При том что для Бродского обращение к Брежневу имело знаковый характер как один из компонентов его биографического мифа, не менее важным было для него не оказаться в ложном, с его точки зрения, «политическом» контексте. Публикация письма неизбежно помещала бы его в фарватер только что миновавшей в СССР «подписантской кампании» – многочисленных индивидуальных и коллективных писем протеста 1966–1969 годов, адресованных органам советской власти. Этот деперсонализированный контекст был для Бродского неприемлем[264]. Более того, в сложившейся к концу 1960-х годов у Бродского системе ценностей «политическое» сознательно ставится ниже «эстетического» и определяющим мыслится критерий литературного качества. Позднее это найдет свое афористическое выражение в переписке Бродского с главным редактором «Континента» Владимиром Максимовым по поводу публикации стихов идеологически чуждого им обоим Эдуарда Лимонова: «Политически он, конечно, не [лауреат Нобелевской премии мира 1926 года Аристид] Бриан, и даже может просто блядь <…> но ведь и не всякий Бриан и не всякая блядь хорошо стихи по-русски пишут. Последнее, по-моему, важнее всего на свете, а в русском журнале и подавно»[265].
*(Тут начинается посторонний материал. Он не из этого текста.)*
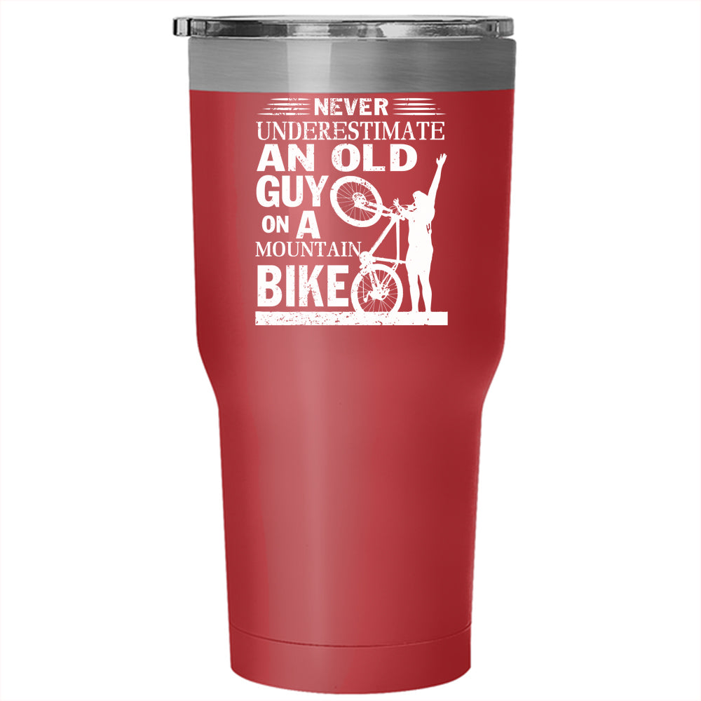 An Old Guy On A Mountain Bike Tumbler 30 oz Stainless Steel, Bike Grandpas Travel Mug
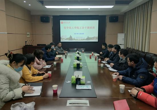 为持续深化党史学习教育,进一步为师生办实事、办好事,化学化工学院工会于12月30日上午在化学北楼N114会议室召开工会干部培训会,学院全体工会委员、13个工会小组长参会。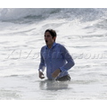 Orlando Bloom makes a splash on set in Malibu. We can't even begin to imagine how cold he was!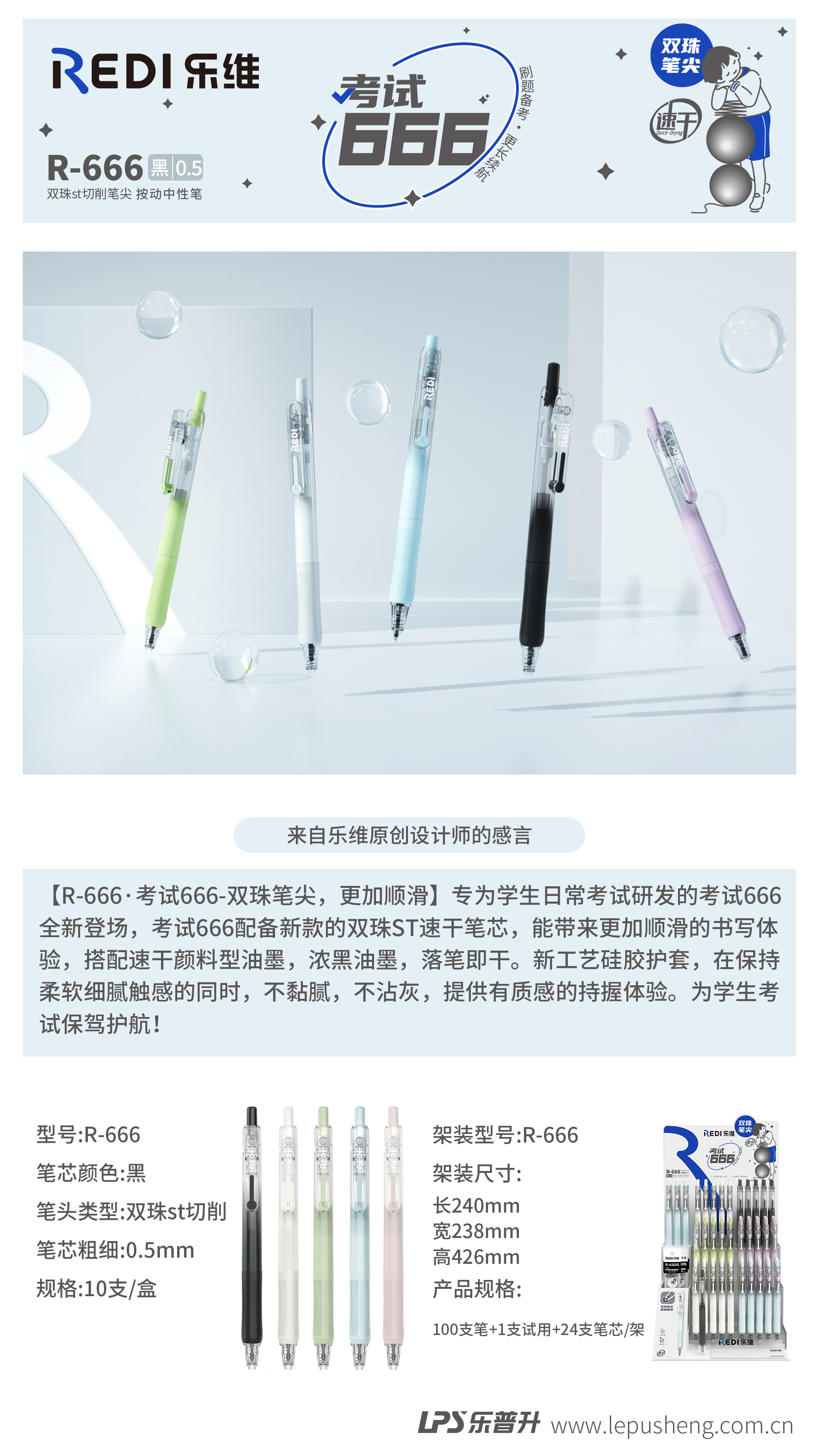 产品描述:考试专用,双珠ST速干笔芯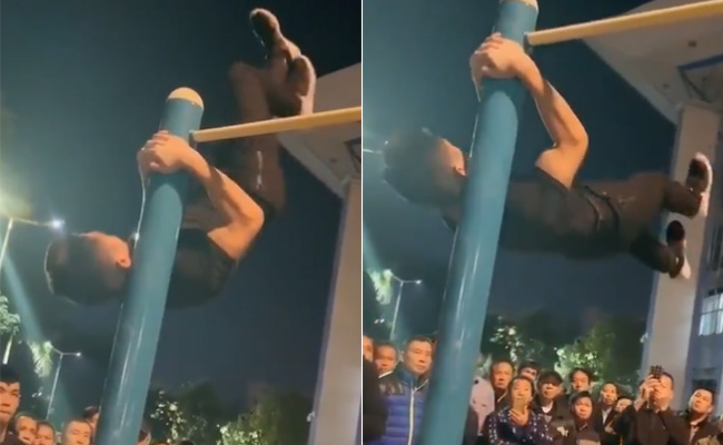 वीडियो में आगे कुछ ही सेकेंड्स में ऊपर उठते हुए युवक केवल अपने हाथों के सहारे ही पोल के आखिरी छोर तक पहुंच जाता है. इतना ही नहीं ऊपर पहुंचकर युवक यहां कुछ देर ठहरता है और फिर अपने पैरों को हवा में कुछ इस तरह चलाता है, जैसे कोई दीवार पर चढ़ रहा हो. इसके बाद वो पोल से नीचे उतर जाता है. यहां आसपास खड़े लोग इस कारनामे को देखकर हैरत में पड़ जाते हैं और कुछ लोग इस नज़ारे को अपने मोबाइल में कैद कर लेते हैं.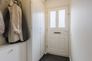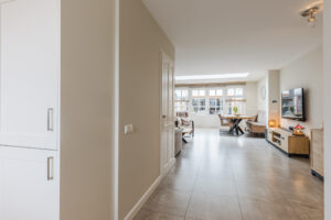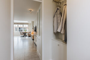 Entree, hal met tegelvloer, de meterkast (ca. 4 jaar geleden vernieuwd) verdeler van de vloerverwarming en een garderobe hoek. De woning is aangesloten op Stadsverwarming. De hal geeft toegang tot de woonkamer en keuken.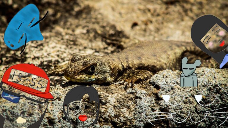 画像説明:【擬態は野心を隠す常套手段】トカゲさんにかくれんぼの極意を学ぶタヌキ一家の図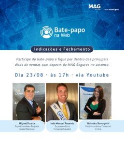 A MAG Seguros, companhia de 186 anos especializada em seguro de vida e previdência, em sua missão apoiar os corretores em seus negócios, irá realizar um bate-papo com especialistas da companhia para falar sobre Indicações e Fechamento e como esses dois processos podem ajudar os profissionais a realizarem mais vendas. O 10º episódio do Bate Papo na Web será transmitido no canal do Youtube da seguradora, na próxima segunda-feira (23), às 17 horas.

Тема диссидентства и необходимости позиционирования по отношению к нему вновь встала перед ним через несколько дней после споров с Маркштейном: оказавшись в Лондоне на Международном фестивале поэзии, Бродский дал свое первое обширное интервью представителю западных медиа – Майклу Скэммелу, издателю журнала Index on Censorship. Скэммела, будущего биографа Солженицына, интересовали главным образом политические вопросы – почему Бродский был осужден и сравнительно быстро выпущен, как он относится к писателям-диссидентам в СССР, как Запад может помочь советским писателям и т. д. Когда текст интервью дошел до Москвы, ответы Бродского вызвали скандал. Причем не со стороны властей, как можно было бы подумать, а со стороны друзей поэта.
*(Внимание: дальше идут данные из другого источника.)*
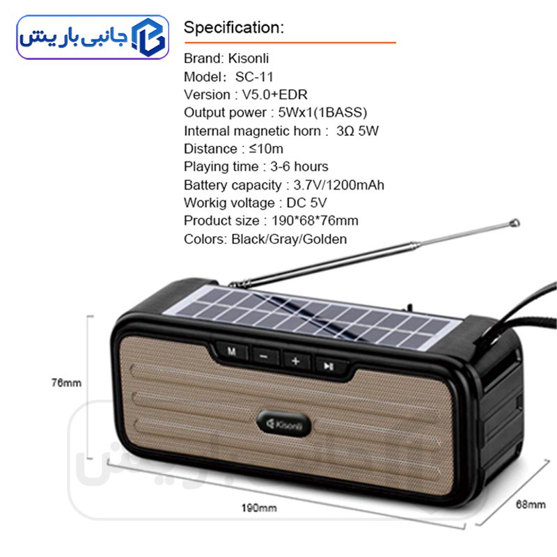 اسپیکر بلوتوثی Kisonli SC-11 را با تضمین اصالت و سلامت فیزیکی کالا و مهلت تست 3 روزه می توانید با قیمت مناسب از فروشگاه آنلاین « جانبی باریش » تهیه نمایید.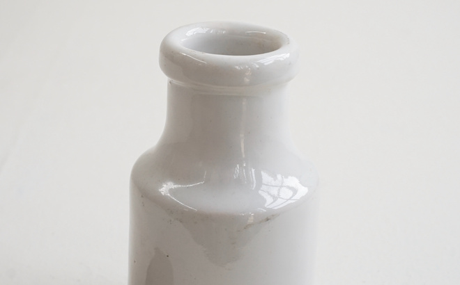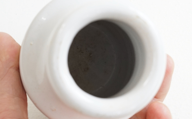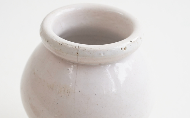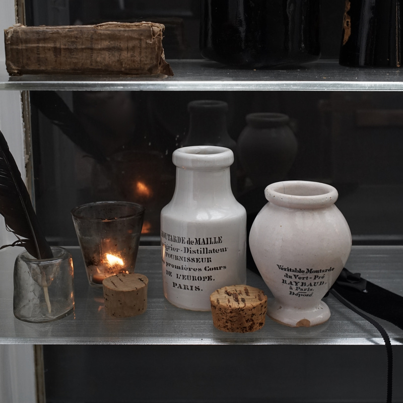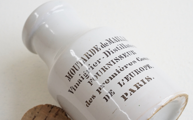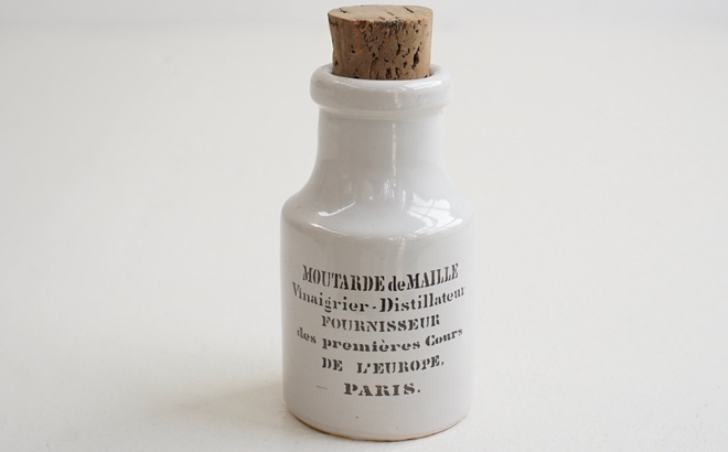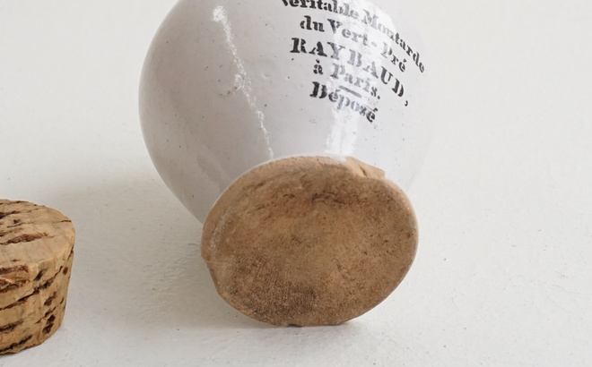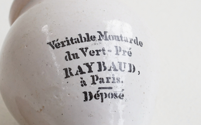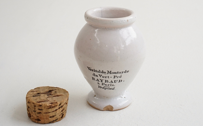 フランスの古いマスタードポット、1800年代と1900年代のもの。雰囲気のある釉薬に黒い文字が格好良い。

1 июля 1973 года Л.К. Чуковская записала в дневнике:
Люди кругом лопаются, как мыльные пузыри.
Интервью с Бродским.
Вопрос:
– Почему вас посадили?
– Не знаю.
– Почему выпустили?
– Не знаю.
Предал нас всех – Фриду [Вигдорову], АА [Ахматову], Копелевых, Гнедина, СЯ [Маршака], КИ [Чуковского], Нику [Глен], меня…[266]
Отвечая Скэммелу, Бродский в соответствии со своей «пушкинианской» логикой «отказа от драматизации» политических аспектов своей биографии, связанных со ссылкой и преследованиями властей, не хотел видеть и искать логику в их действиях и настаивал на том, что «всегда старался быть – и был – совершенно отдельным частным человеком», жизнь которого «каким-то образом приобрела постороннюю политическую окраску»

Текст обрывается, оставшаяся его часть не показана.